> _Requirement_
A faithful copy is needed of the lines below from the one with "Violet et noir, Notes" up to and including the one with "Fekete színű, gurulós"; set it down with no pictures and no other lines.

> _Source records_

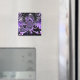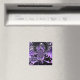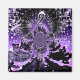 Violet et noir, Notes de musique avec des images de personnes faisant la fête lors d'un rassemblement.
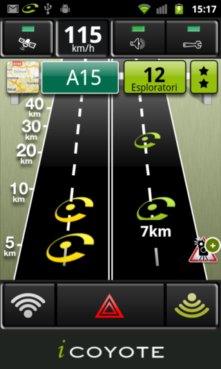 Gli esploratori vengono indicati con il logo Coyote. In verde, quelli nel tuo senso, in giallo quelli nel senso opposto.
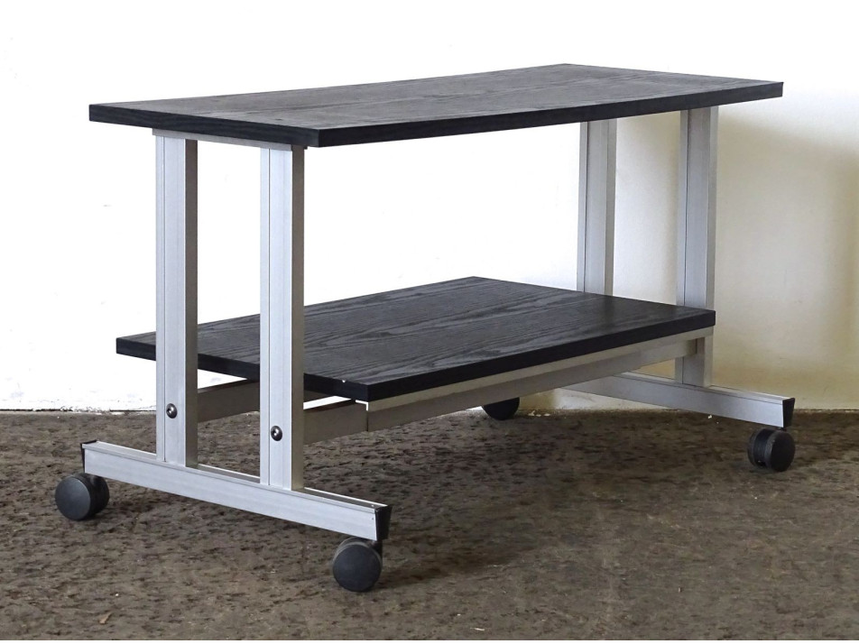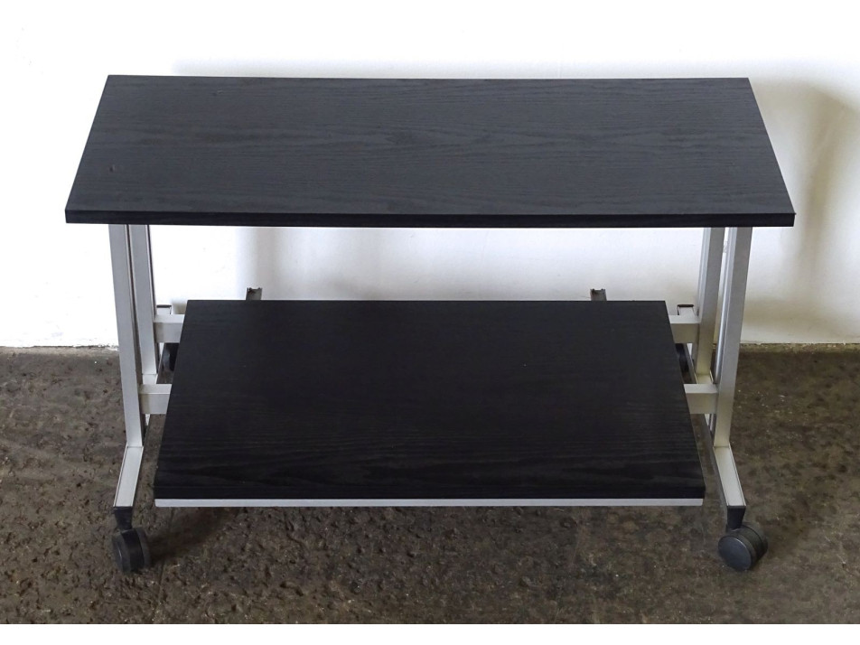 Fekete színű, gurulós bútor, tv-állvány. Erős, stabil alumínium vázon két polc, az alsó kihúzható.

--

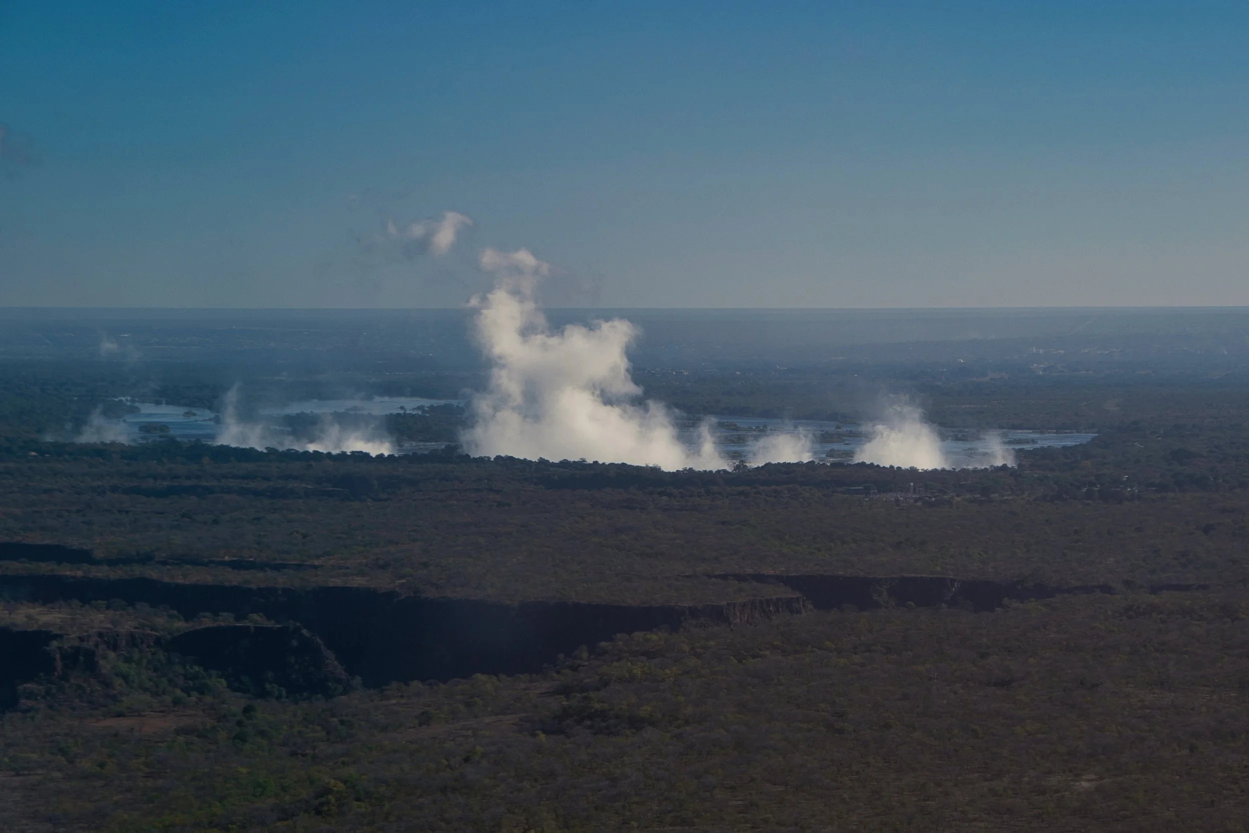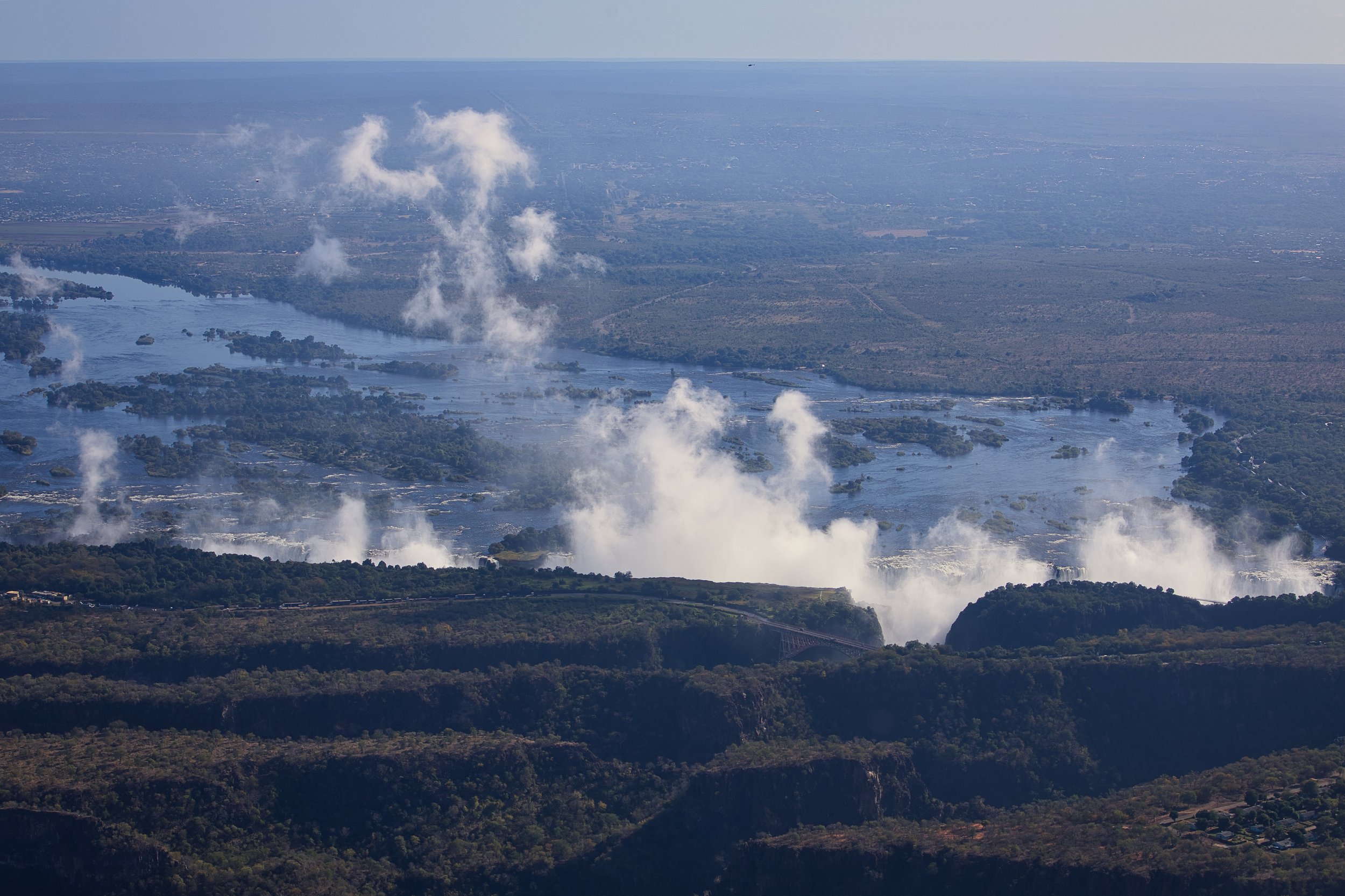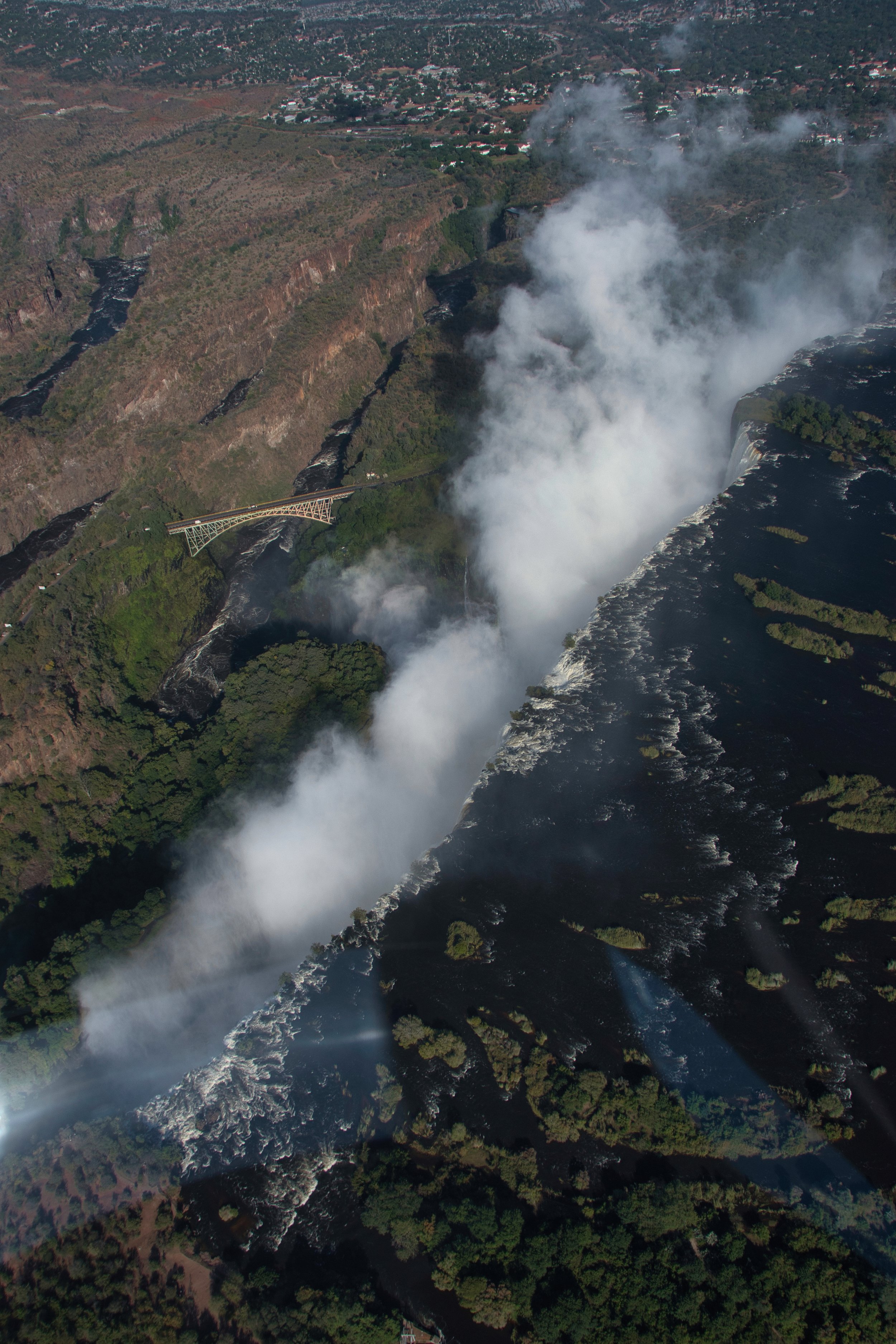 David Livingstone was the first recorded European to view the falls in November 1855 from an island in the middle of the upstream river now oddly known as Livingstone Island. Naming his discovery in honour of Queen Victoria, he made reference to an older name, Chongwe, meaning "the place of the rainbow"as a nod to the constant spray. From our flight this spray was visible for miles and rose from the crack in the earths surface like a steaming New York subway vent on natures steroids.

* * *

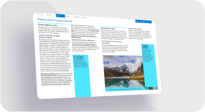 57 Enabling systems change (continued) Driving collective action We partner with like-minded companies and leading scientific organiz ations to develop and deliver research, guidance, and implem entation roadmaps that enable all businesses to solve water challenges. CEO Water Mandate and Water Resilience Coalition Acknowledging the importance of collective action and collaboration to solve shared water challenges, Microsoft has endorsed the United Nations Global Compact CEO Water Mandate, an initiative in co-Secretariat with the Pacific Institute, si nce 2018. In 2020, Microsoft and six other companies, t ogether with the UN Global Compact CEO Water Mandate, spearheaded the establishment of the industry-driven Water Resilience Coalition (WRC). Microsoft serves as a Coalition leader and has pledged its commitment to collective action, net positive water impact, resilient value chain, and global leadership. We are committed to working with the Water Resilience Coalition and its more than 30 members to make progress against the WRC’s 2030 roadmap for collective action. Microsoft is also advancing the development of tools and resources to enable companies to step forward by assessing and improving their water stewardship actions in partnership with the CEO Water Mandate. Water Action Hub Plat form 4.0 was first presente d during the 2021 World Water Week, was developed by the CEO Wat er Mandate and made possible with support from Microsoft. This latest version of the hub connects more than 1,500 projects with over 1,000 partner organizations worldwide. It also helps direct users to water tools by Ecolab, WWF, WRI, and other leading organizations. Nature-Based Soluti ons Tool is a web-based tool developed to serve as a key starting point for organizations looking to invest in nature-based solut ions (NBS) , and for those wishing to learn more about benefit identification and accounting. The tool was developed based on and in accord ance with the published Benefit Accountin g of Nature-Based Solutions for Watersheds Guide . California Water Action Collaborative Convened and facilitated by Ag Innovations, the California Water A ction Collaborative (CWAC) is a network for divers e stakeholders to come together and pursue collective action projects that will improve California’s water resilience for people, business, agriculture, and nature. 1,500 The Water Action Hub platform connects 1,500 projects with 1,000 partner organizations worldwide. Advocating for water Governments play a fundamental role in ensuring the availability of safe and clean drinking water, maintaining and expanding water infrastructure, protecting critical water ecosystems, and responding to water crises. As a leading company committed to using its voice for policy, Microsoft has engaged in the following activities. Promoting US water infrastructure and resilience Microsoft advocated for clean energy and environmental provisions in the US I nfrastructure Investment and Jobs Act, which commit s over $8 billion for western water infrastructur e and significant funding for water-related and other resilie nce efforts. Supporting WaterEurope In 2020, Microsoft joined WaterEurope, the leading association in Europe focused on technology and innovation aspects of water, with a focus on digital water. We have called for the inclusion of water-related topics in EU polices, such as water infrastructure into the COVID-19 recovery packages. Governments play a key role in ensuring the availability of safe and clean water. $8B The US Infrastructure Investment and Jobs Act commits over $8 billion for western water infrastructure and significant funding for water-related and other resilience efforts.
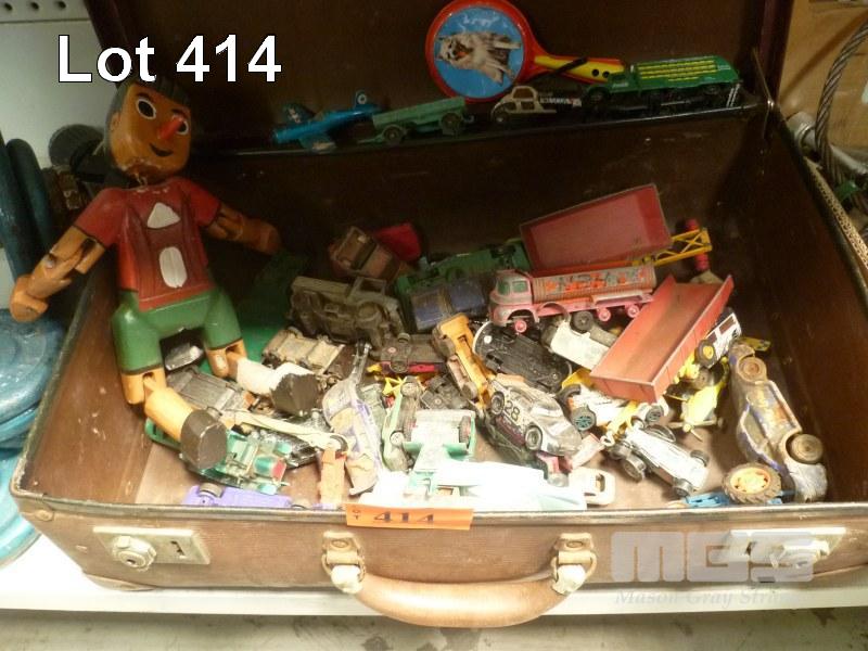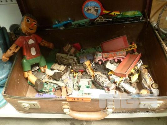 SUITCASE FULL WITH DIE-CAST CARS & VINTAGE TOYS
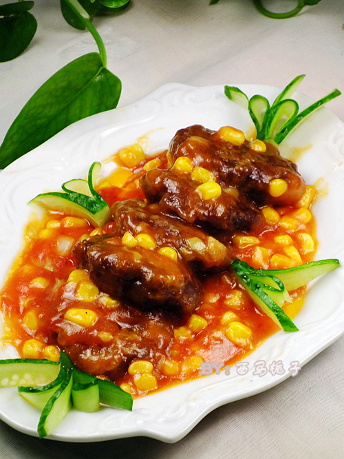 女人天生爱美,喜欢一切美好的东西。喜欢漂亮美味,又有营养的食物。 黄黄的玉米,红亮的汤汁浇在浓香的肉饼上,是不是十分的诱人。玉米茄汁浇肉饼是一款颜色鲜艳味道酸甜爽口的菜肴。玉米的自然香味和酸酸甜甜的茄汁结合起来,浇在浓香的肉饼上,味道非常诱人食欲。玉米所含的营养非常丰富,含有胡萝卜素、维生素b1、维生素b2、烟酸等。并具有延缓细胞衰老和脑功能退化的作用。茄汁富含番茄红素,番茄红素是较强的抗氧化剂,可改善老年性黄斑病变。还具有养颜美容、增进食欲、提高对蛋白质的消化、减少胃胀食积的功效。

> _Task response_
 Violet et noir, Notes de musique avec des images de personnes faisant la fête lors d'un rassemblement.
 Gli esploratori vengono indicati con il logo Coyote. In verde, quelli nel tuo senso, in giallo quelli nel senso opposto.
 Fekete színű, gurulós bútor, tv-állvány. Erős, stabil alumínium vázon két polc, az alsó kihúzható.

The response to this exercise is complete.